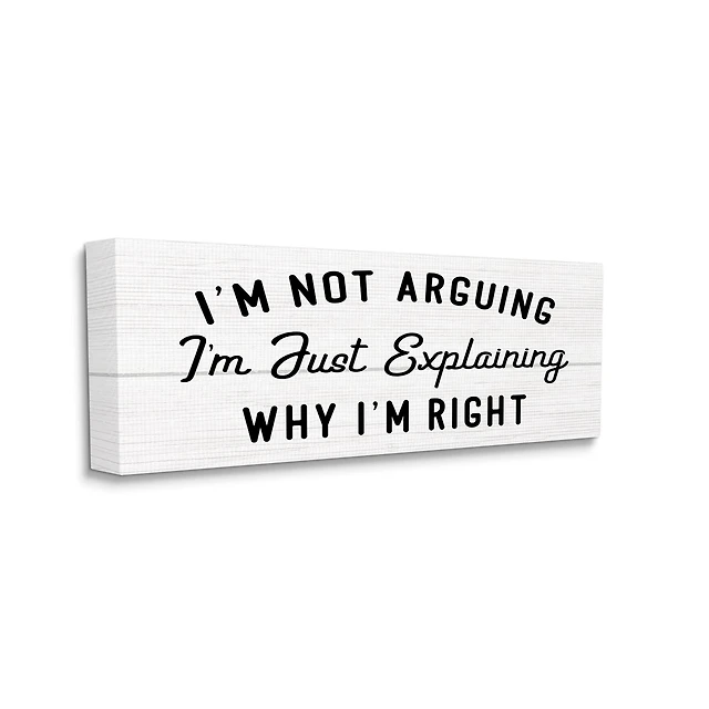 Stupell Industries Not Arguing Explaining Why I'm Right Funny Phrase Canvas Wall Art
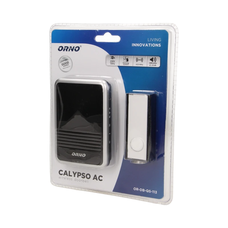 Dzwonek bezprzewodowy świecący czarny 300m 36 dźwięków AC 230V CALYPSO II OR-DB-QS-159ORNO
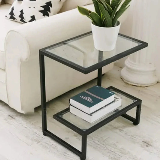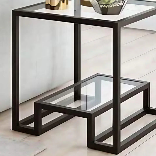 ترابيزة جانبية ستيل بسطح زجاج، 40*40*50 سم
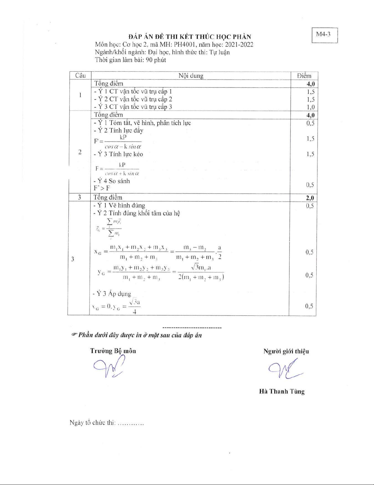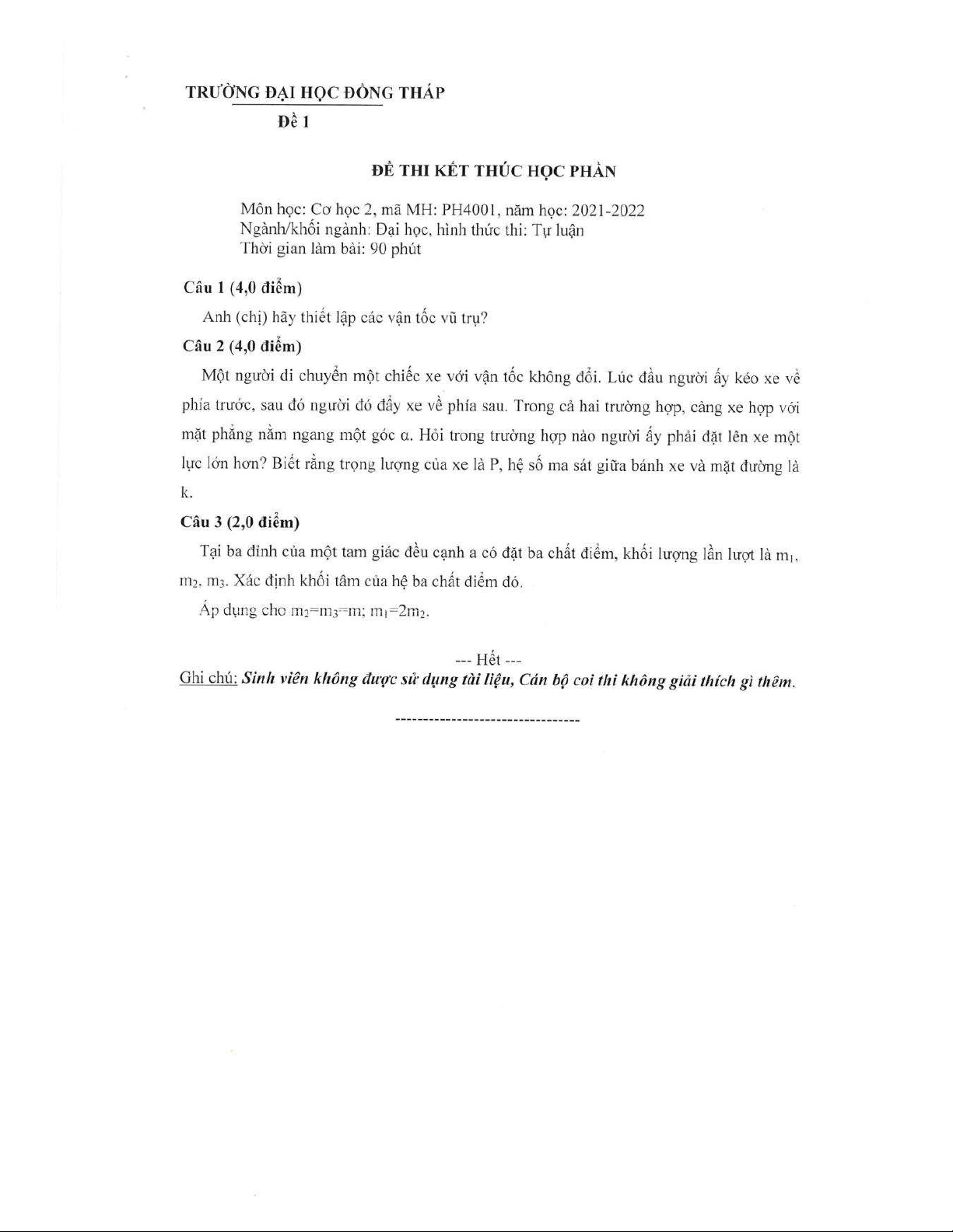 Đề thi kết thúc học phần học kì 2 môn Cơ học 2 năm 2021-2022 có đáp án - Trường ĐH Đồng Tháp

------------------------------------

EXERCISE DIRECTIONS – All of the lines above should be printed exactly, minus the pictures.

SOLUTION TO THE EXERCISE –
 Stupell Industries Not Arguing Explaining Why I'm Right Funny Phrase Canvas Wall Art
 Dzwonek bezprzewodowy świecący czarny 300m 36 dźwięków AC 230V CALYPSO II OR-DB-QS-159ORNO
 ترابيزة جانبية ستيل بسطح زجاج، 40*40*50 سم
 Đề thi kết thúc học phần học kì 2 môn Cơ học 2 năm 2021-2022 có đáp án - Trường ĐH Đồng Tháp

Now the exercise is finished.